Interview with Miranda Mellis
Hometown: San Francisco, CA
Current town: Olympia, WA
What are you working on now?
I am completing a novella called Escaping, a novel which explores entrapments of language and meditates on an impossible desire that is ignited by such entrapments: the desire to escape relation. The characters are teachers, artists, administrators, youth, family members, poets, and finally a hermit. I’m playing around with hearing language “out of place” in this book, as a way of witnessing and becoming more awake to the primacy of unspoken rules, habitual “language games” at work in every discursive setting, in every relationship. The arc of the book finds the four main characters “escaping” in one way or another by the end. I’m also writing essays and talks, and composing curriculum for teaching. This week I have been writing up the results of a day-long workshop on interdisciplinary collaboration at Evergreen State College, where we nearly always teach on teams comprised of people from different fields.
Care to share a moment, a person or a story from your past that made you want to become a writer?
Like many writers, I was a bookworm as a child, often preferring to read, over playing outside. I loved reading so much that I didn’t think there was anyone more interesting or powerful than an author. I had the feeling that to be a writer was to be a kind of deity. Turns out it is the opposite of that! :) I read Dostoyevsky with particular fervor as a teenager. I was fully absorbed and awed by “the classics” with their elaborate plots and complexly layered sentences.
If you could change one thing about publishing what would it be?
I have a friend who is so well supported as an artist in France, that the government even paid for his family to have a vacation because it’s healthy for them! It sounds improbable, but it’s still the case that there are states that support artists. If there was one thing I would change about publishing it would be that there was robust governmental support at federal and state levels for artist infrastructures, including publishing, and stipends for artists so that one could live and work full time as an artist, instead of having to hold multiple jobs while trying to foster your work. One has to sort of escape into it, or escape out of it, find a way against all odds. In Principle of Unrest Brian Massumi shares a concept he calls “surplus value of life.” In contradistinction to “surplus value” surplus value of life is qualitative. This concept is a way to value, or revalue, that which cannot be monetized. He writes that “Anywhere a non-monetized surplus-value of life is generated there has occurred what I term . . . an escape to the immanent limit.
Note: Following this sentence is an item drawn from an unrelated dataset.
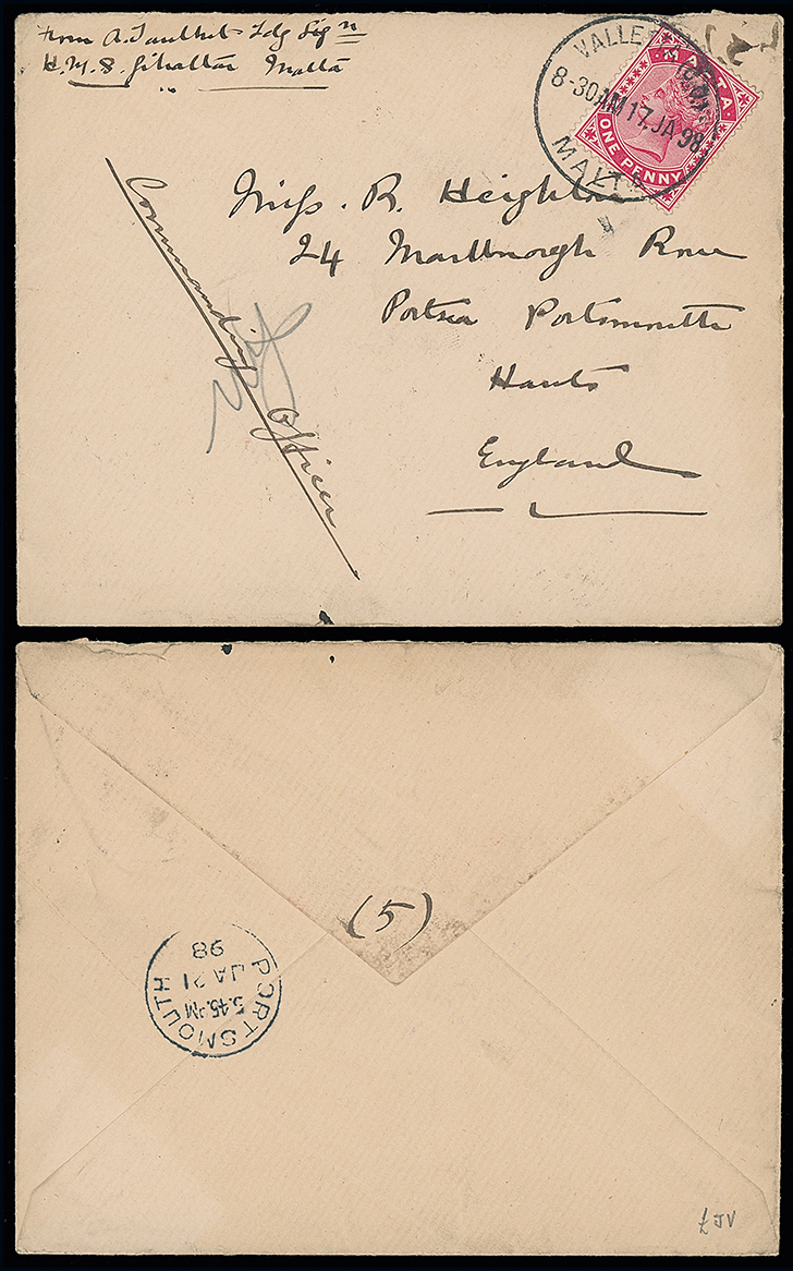 Malta: Army and Navy Concession Rate Mail: 1898 (Jan. 17) envelope to Portsmouth endorsed “From A. Taulbet Ldg Sign/H.M.S Gibraltar Malta” and countersigned by commanding officer at lower left, franked 1885 1d.

Escapes can be deviations, perversions, hijacking, hackings. They come in many varieties.” It’s strange that we have to use the language of economics to practice valuing what doesn’t count in capitalism. For example, in ecology the vocabulary of economics is often used to put a value on that which is priceless, in the hopes that by naming these entities in the language of economics, at last their “value” will register, be recognized, so we have terms like “natural capital” which cut apart what are continua, innumerable entanglements and symbioses that characterize this biosphere, reduced to prices.
What kind of writing excites you?
I am excited by writing that functions at once as art and philosophy, and that works carefully and in an unexpected way at the level of the sentence. I am excited by writing that jokes compassionately and writing that I am on the very edge of understanding, that oscillates in and out of clarity, and that can’t be exhausted in a single reading or even multiple readings, and that takes formal chances. I like writing that is in conversation with many different kinds of worlds, texts, arts, experiences, and approaches to the page. But of course, one doesn’t always read to be excited. Sometimes one reads to be informed, or to be bored, and that’s also very necessary.
What advice do you have for writers just starting out?
Once I had the good fortune to be in a “master class” with Grace Paley. I’ll pass on this great piece of advice she gave: if you’re having trouble writing well, write badly on purpose. Take workshops so you can be in conversations about writing, so you can hone your criticality and broaden your sense of what’s possible, so you can make friends to compete with and admire. Workshops are good, despite rumors to the contrary. It’s a shop where you can get accustomed to the fact that writing is work: the workshop. You don’t have to do too many of them but at least do a few. It’s where you will start to get a feel for the tools of the trade. It’s salutary to be in spaces where things are unfinished and in process, open and on trial. Publish other people, write about their work, foster what you care about, cultivate worlds for writing, don’t be cowed by received spaces, be they the long-running reading series in your town or the industrial trade fair. You too can start a series, publish a journal, or organize a conference. If you take responsibility for the editorial and curatorial process, publishing will be demystified. Your life as a writer will not be quite so confusing because you’ll understand better the various parts of the process. Check out collective and community arts based editorial projects such as Encyclopedia Project Vol.3, L-Z which (full disclosure) I coedited.